Looking more closely at the code in Spark for calculating the column similarities, we see:

  def computeColumnSummaryStatistics(): MultivariateStatisticalSummary = {
    val summary = rows.treeAggregate(new MultivariateOnlineSummarizer)(
      (aggregator, data) => aggregator.add(data),
      (aggregator1, aggregator2) => aggregator1.merge(aggregator2))

which basically says call

      (aggregator, data) => aggregator.add(data),

over each partition and the aggregate them altogether with:

      (aggregator1, aggregator2) => aggregator1.merge(aggregator2))

what is this MultivariateOnlineSummarizer class? Well, it contains seven arrays of doubles. Hmm. And what's this in the add method (that is called on each row in a partition)?

  private[spark] def add(instance: Vector, weight: Double): this.type = {
      n = instance.size

      currMean = Array.ofDim[Double](n)
      currM2n = Array.ofDim[Double](n)
      currM2 = Array.ofDim[Double](n)
      currL1 = Array.ofDim[Double](n)
      nnz = Array.ofDim[Double](n)
      currMax = Array.fill[Double](n)(Double.MinValue)
      currMin = Array.fill[Double](n)(Double.MaxValue)

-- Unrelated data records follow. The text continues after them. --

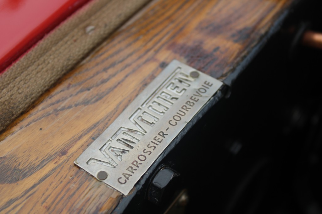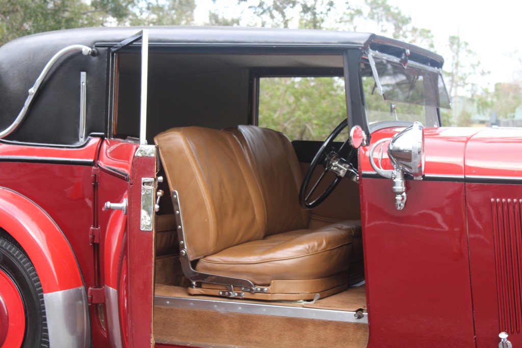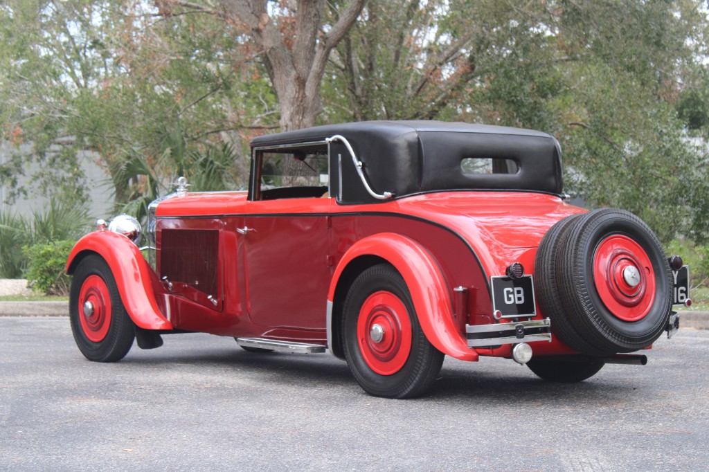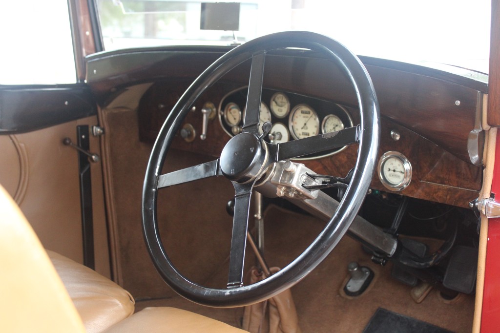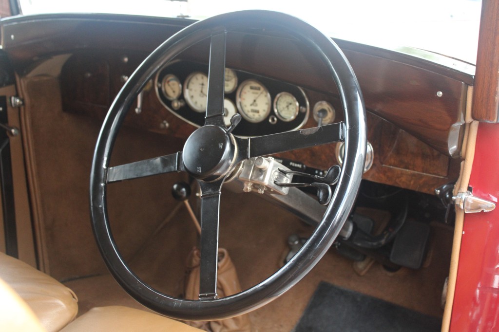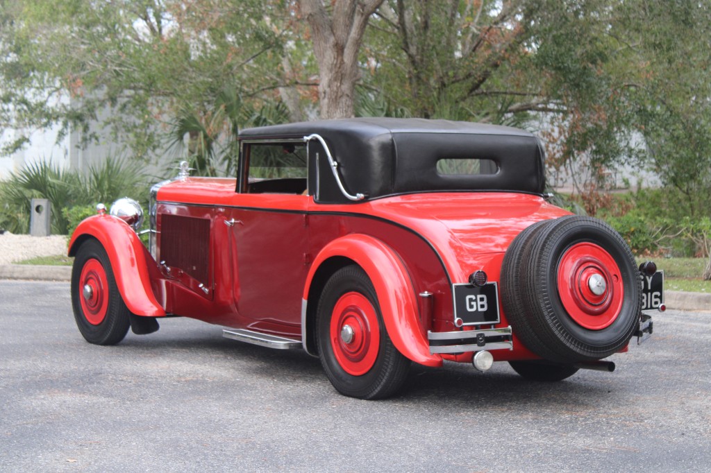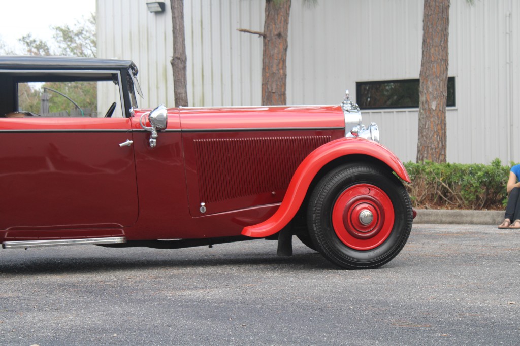 This two-door four seater faux cabriolet was constructed by Vanvooren using the patented Silentbloc vibration-isolating mounting system. The body is steel apart from the bonnet, which is aluminum. The four SU carburetors hint at its British market origins, and the mighty straight-eight engine sends its 120 horsepower to the ground via a four-speed gearbox. Dewandre servo-assisted hydraulic drum brakes provide ample stopping power. Other notable features of this particular car include twin rear-mounted mudguards, and short steps rather than a full-length running board.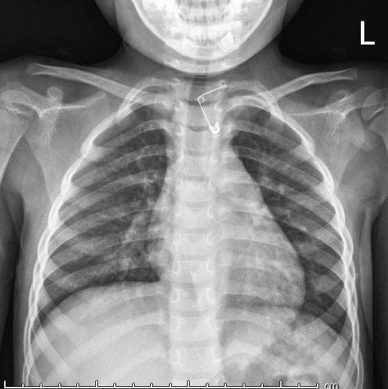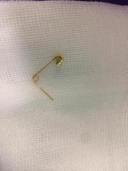 Kết quả khám lâm sàng cho thấy hình ảnh dị vật là một chiếc kim băng đang mở, một đầu nhọn đang cắm vào thành thực quản của trẻ.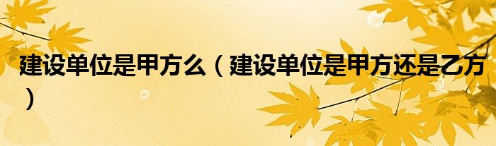关于建设单位是甲方么,建设单位是甲方还是乙方这个很多人还不知道,今天菲菲来为大家解答以上的问题,现在让我们一起来看看吧!
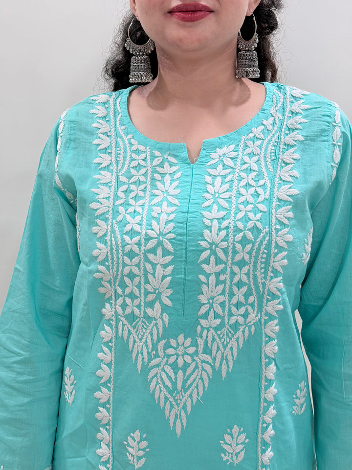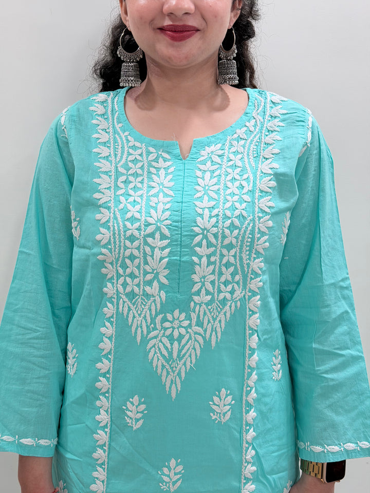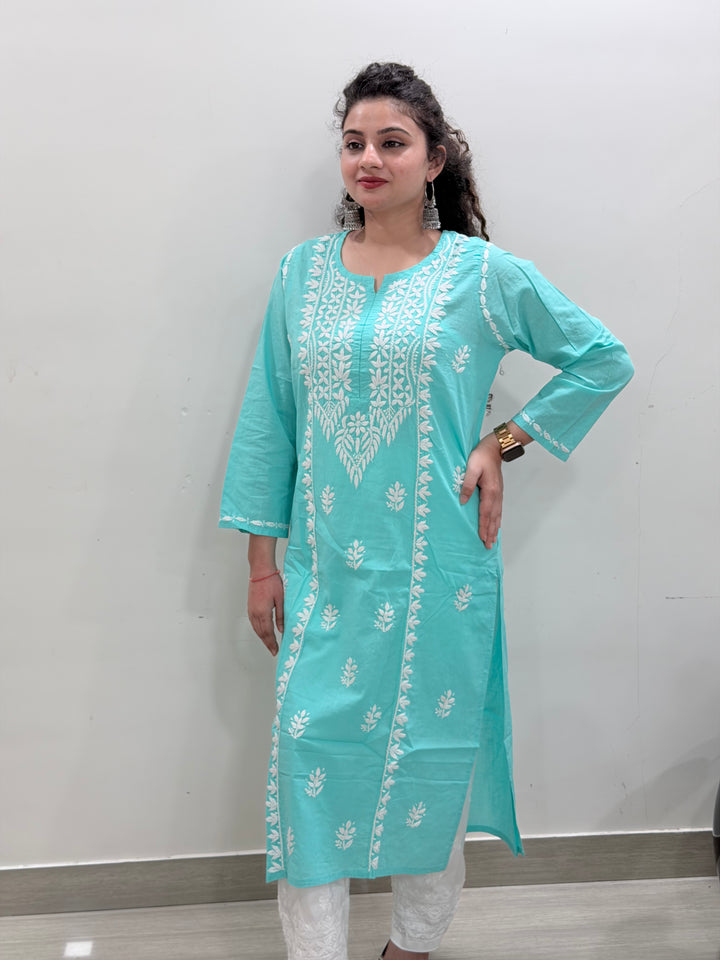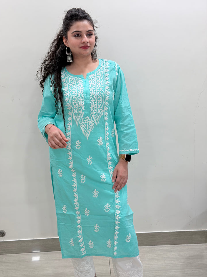 Blooming with beauty and comfort! Our collection of chikankari kurtas feature stunning color and intricate embroidery on soft, breathable basic cotton. Perfect for any season, these non-transparent kurtas are perfect for adding a touch of elegance to your summer style. (Bottom wear is separate)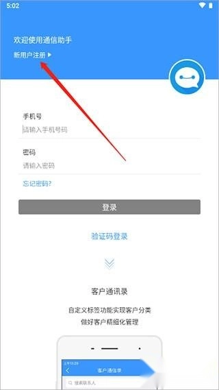 1、打开通信助手软件,点击左上角“新用户注册”;

Yikes, Scooby, this is 108 doubles per array per partition as DIMSUM calculates summaries used in the next part of the algorithm. Well, that's going to cause problems (note: it doesn't matter how many rows there are, this is a columns-only limitation).

My first attempt at a solution involved now reducing the number of partitions with RDD.coalesce. This is inexpensive as it just logically groups the 2000 partitions into 16 (I choose 16 as I have 4 boxes and each box could just about hold 4 MultivariateOnlineSummarizers in memory at once).

This helped the job to progress further but then Kryo was complaining that it didn't have enough buffer space.

16/02/02 13:52:28 WARN TaskSetManager: Lost task 3.3 in stage 4.0 (TID 4050, org.apache.spark.SparkException: Kryo serialization failed: Buffer overflow. Available: 6, required: 8
Serialization trace:
currL1 (org.apache.spark.mllib.stat.MultivariateOnlineSummarizer). To avoid this, increase spark.kryoserializer.buffer.max value.

Following its advice, this was quickly fixed with:

sparkConf.setExecutorEnv("spark.kryoserializer.buffer.max", "20G")

only for me to run into:

16/02/02 14:05:23 WARN TaskSetManager: Lost task 1.0 in stage 4.1 (TID 6149, FetchFailed(BlockManagerId(0,, 44256), shuffleId=2, mapId=7, reduceId=1, message=
org.apache.spark.shuffle.FetchFailedException: Too large frame: 3251949143
Caused by: java.lang.IllegalArgumentException: Too large frame: 3251949143
        at org.spark-project.guava.base.Preconditions.checkArgument(


Well now, this seems the end of the road as the code in TransportFrameDecoder is:

Preconditions.checkArgument(frameSize < MAX_FRAME_SIZE, "Too large frame: %s", frameSize);

(see here for more information on Spark limits). Indeed the app in the Spark GUI looks like this:

We can see a job that is in the process of retrying having failed already. The interesting things to note are that 16 out of 16 tasks of stage 3 have succeeded - that is the first part of treeAggregate. Our hack using coalesce worked! However, the second part of treeAggregate fails, that is none of the 4 tasks (corresponding to my 4 boxes trying to aggregate their individual results) in stage 4 passed.


Well, there isn't one that I am aware of, at least as far as DIMSUM is concerned. However, since my matrix is very sparse, coding up a brute-force routine actually ran in about 45 minutes so maybe I don't need the efficiency DIMSUM promises.